Khartoum reste cependant dévastée, avec des infrastructures sanitaires et d'assainissement à peine fonctionnelles.

MSF indique qu'une interdiction du transport de fournitures chirurgicales vers Khartoum en 2023 a contraint à l'arrêt de toutes les activités chirurgicales – y compris les césariennes et les soins aux blessés – pendant plusieurs mois.

Lorsque des hommes armés sont de nouveau entrés dans l'hôpital en janvier 2025, l'organisation humanitaire internationale a pris la décision difficile de suspendre toutes ses activités à l'hôpital Bashair.

Plusieurs autres hôpitaux et établissements de santé ont été endommagés ou fermés à cause de la guerre et ne sont pas pleinement fonctionnels.

« Les besoins à Khartoum restent immenses. L'actuelle épidémie de choléra n'est qu'un des défis auxquels sont confrontées les personnes vivant encore à Khartoum ou revenant d'autres régions du pays », a affirmé Claire San Filippo, coordinatrice d'urgence de MSF pour le Soudan.

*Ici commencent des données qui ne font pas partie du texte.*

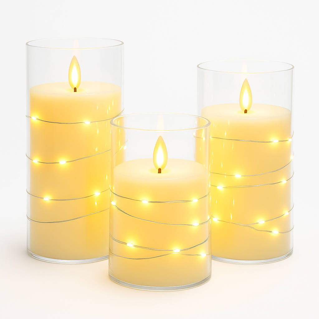 סט נרות לד אלגנטי ומעוצב בשלושה גדלים שונים, עשויים מעטפת שקופה עם אור חמים ומרגיע המדמה להבה אמיתית. העיצוב הדקורטיבי הקלאסי מעניק תחושת יוקרה, רוגע ואור רך לכל חלל – סלון, חדר שינה, שולחן אוכל או אירועים מיוחדים. פועלים על סוללה, ללא חום, עשן או דאגה – רק שלווה ונעימות מושלמת בעיצוב נקי ומודרני.

« L'aide humanitaire doit être intensifiée, l'accès facilité et les soins médicaux protégés pour garantir que tous ceux qui en ont besoin, à Khartoum et dans le reste du Soudan, puissent accéder aux soins de santé », a-t-elle signalé.

Vaccinations

Selon le porte-parole du chef de l'ONU, Antonio Guterres, les vaccinations contre le choléra ont commencé à Jebel Awila, le district le plus touché de Khartoum.

« L'Organisation mondiale de la santé a également livré plus de 22 tonnes métriques de fournitures de santé d'urgence et de choléra pour soutenir les efforts locaux », a indiqué Stéphane Dujarric.

Les autorités soudanaises ont déclaré le choléra comme une épidémie nationale en août 2024, avec plus de 60 000 cas et 1 600 décès enregistrés.

La guerre entre les RSF et l'armée soudanaise a tué des dizaines de milliers de personnes et déplacé 13 millions depuis son déclenchement en avril 2023.

Au moins trois millions de personnes ont fui l'État de Khartoum, mais plus de 34 000 sont revenues depuis sa reprise par l'armée ces derniers mois, selon les chiffres de l'ONU.

La plupart ont retrouvé leurs maisons dévastées par les combats, sans accès à l'eau potable ni aux services de base.